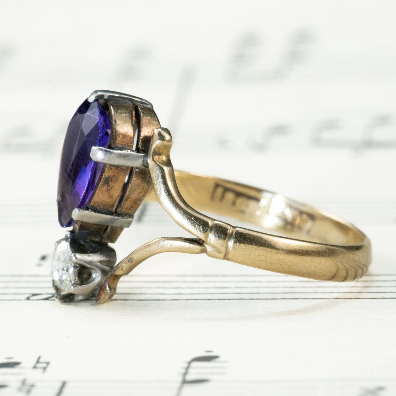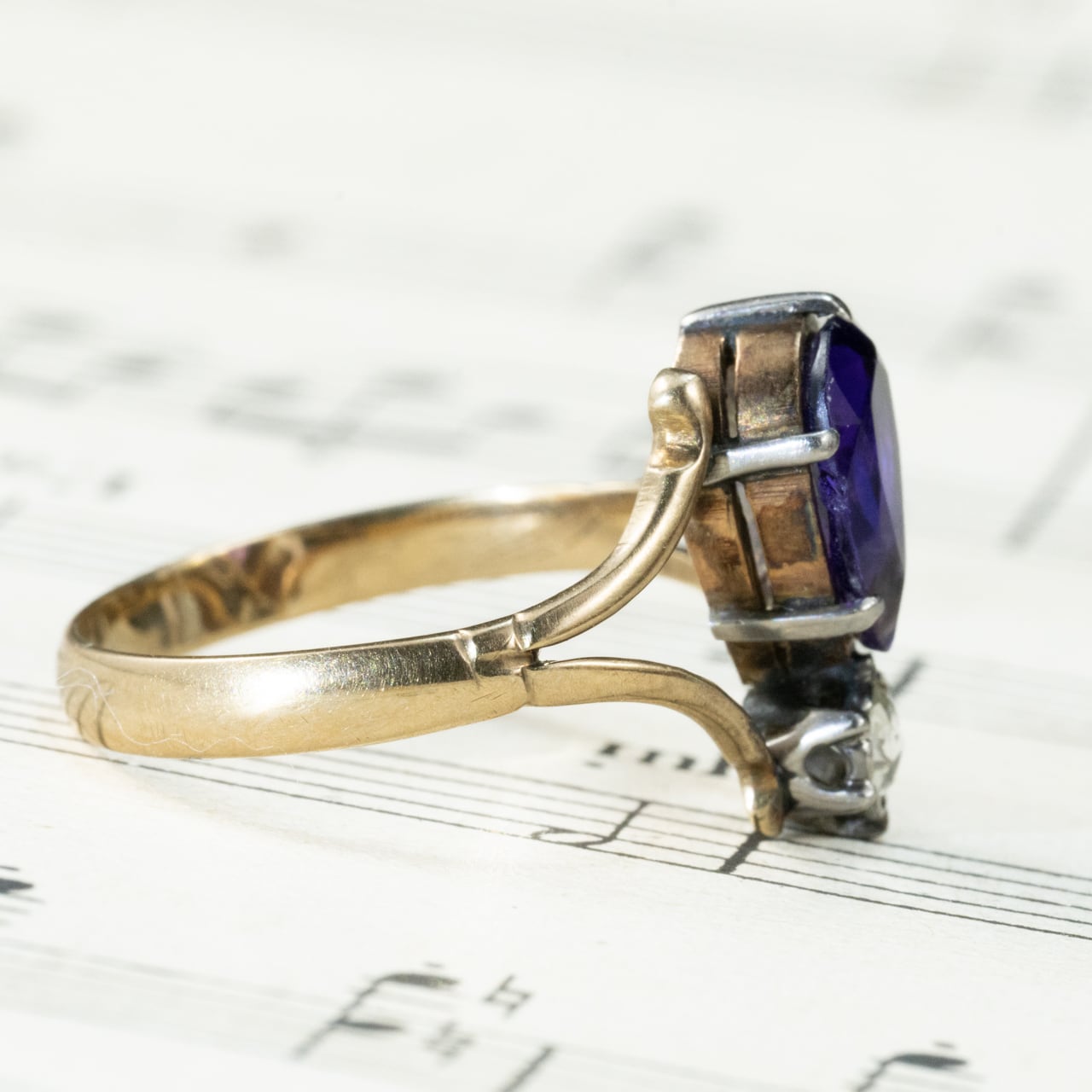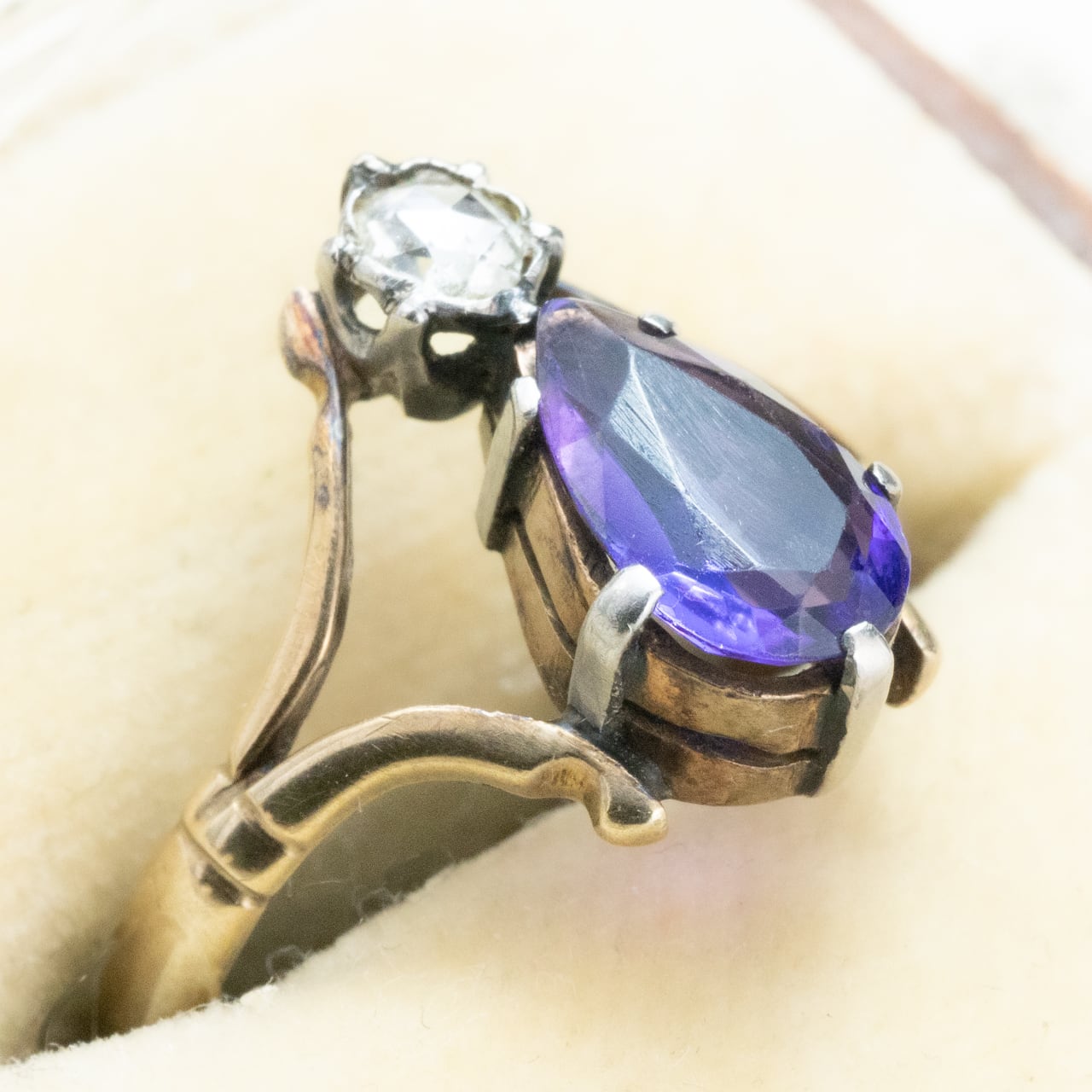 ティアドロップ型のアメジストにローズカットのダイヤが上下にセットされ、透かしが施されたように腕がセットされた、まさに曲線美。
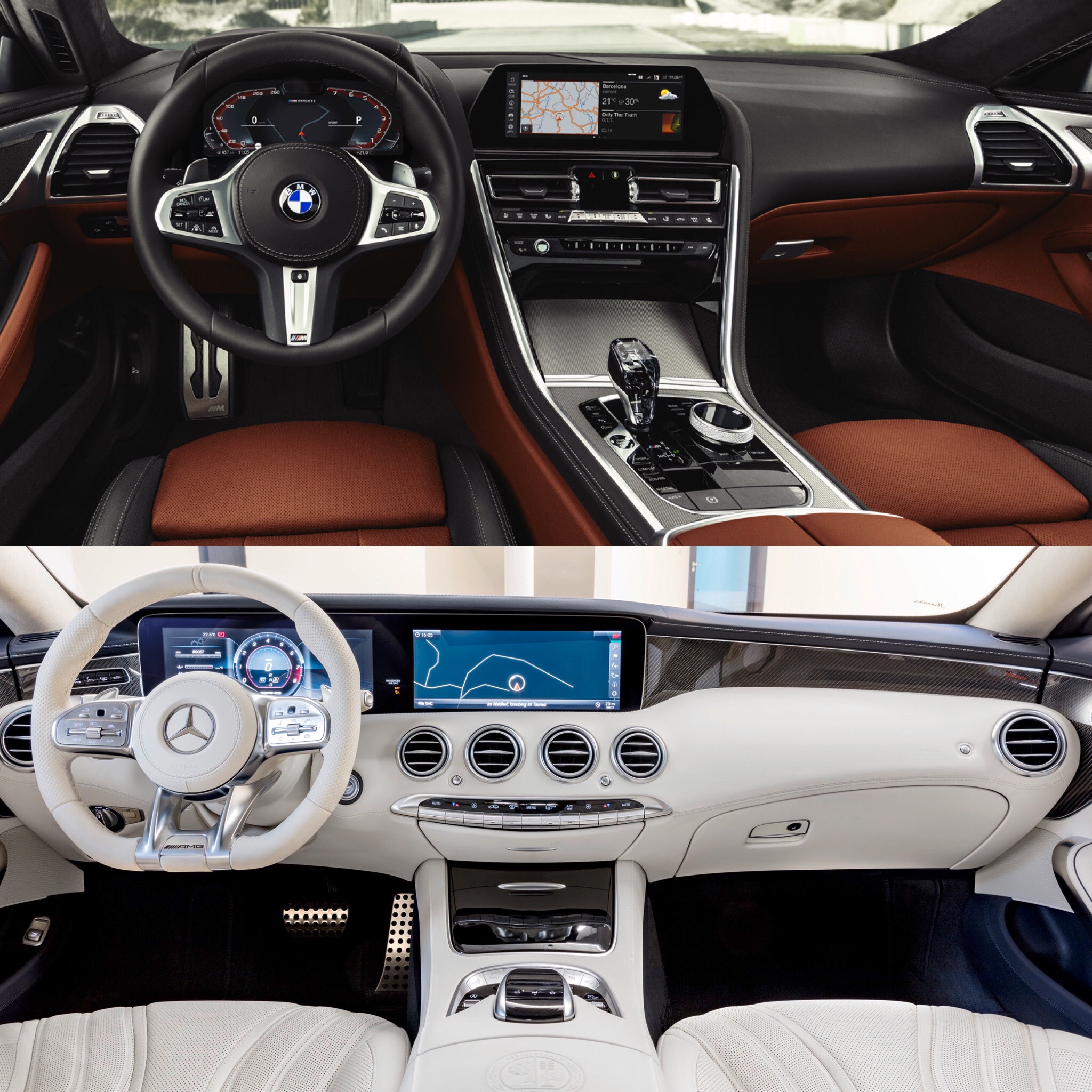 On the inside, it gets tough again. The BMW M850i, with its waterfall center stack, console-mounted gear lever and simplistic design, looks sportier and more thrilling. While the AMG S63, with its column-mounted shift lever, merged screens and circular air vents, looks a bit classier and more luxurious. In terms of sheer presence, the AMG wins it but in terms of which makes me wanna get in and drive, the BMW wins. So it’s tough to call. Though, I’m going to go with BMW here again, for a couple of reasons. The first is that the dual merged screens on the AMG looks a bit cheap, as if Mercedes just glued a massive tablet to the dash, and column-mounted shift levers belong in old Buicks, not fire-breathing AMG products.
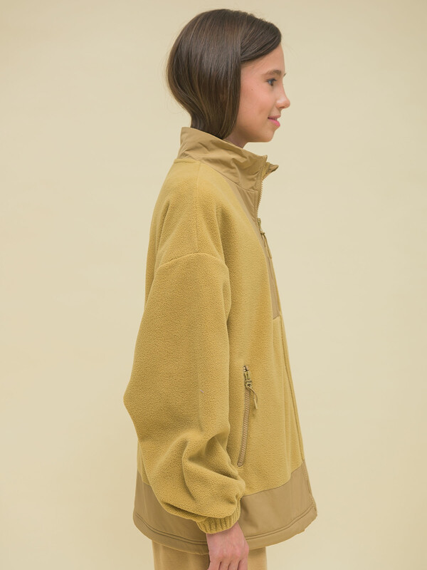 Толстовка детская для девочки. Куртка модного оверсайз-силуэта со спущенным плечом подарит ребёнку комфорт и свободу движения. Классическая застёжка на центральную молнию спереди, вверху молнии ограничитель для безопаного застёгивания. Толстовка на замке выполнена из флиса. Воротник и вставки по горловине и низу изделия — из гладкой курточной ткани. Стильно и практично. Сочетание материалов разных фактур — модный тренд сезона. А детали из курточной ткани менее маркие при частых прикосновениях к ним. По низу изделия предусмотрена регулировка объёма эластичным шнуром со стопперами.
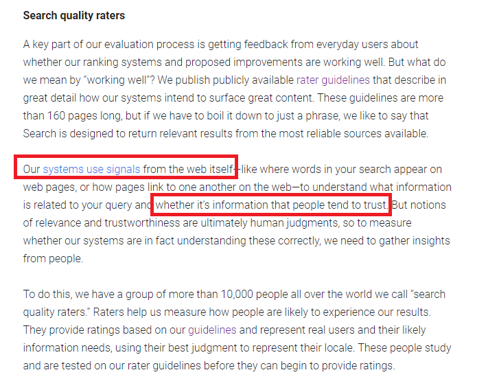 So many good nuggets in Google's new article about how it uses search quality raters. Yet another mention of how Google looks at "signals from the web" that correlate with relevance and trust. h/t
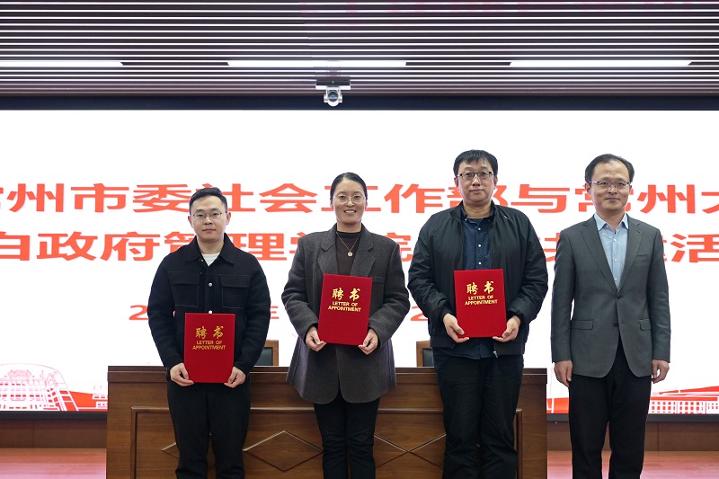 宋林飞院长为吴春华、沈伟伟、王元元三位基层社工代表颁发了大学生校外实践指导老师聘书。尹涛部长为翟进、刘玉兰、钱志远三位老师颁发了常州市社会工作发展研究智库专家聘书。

» Problem to solve
Leaving out all pictures, print exactly the lines above from the one containing "Толстовка детская для" through the last line of the entries.

» Completed exercise
 Толстовка детская для девочки. Куртка модного оверсайз-силуэта со спущенным плечом подарит ребёнку комфорт и свободу движения. Классическая застёжка на центральную молнию спереди, вверху молнии ограничитель для безопаного застёгивания. Толстовка на замке выполнена из флиса. Воротник и вставки по горловине и низу изделия — из гладкой курточной ткани. Стильно и практично. Сочетание материалов разных фактур — модный тренд сезона. А детали из курточной ткани менее маркие при частых прикосновениях к ним. По низу изделия предусмотрена регулировка объёма эластичным шнуром со стопперами.
 So many good nuggets in Google's new article about how it uses search quality raters. Yet another mention of how Google looks at "signals from the web" that correlate with relevance and trust. h/t
 宋林飞院长为吴春华、沈伟伟、王元元三位基层社工代表颁发了大学生校外实践指导老师聘书。尹涛部长为翟进、刘玉兰、钱志远三位老师颁发了常州市社会工作发展研究智库专家聘书。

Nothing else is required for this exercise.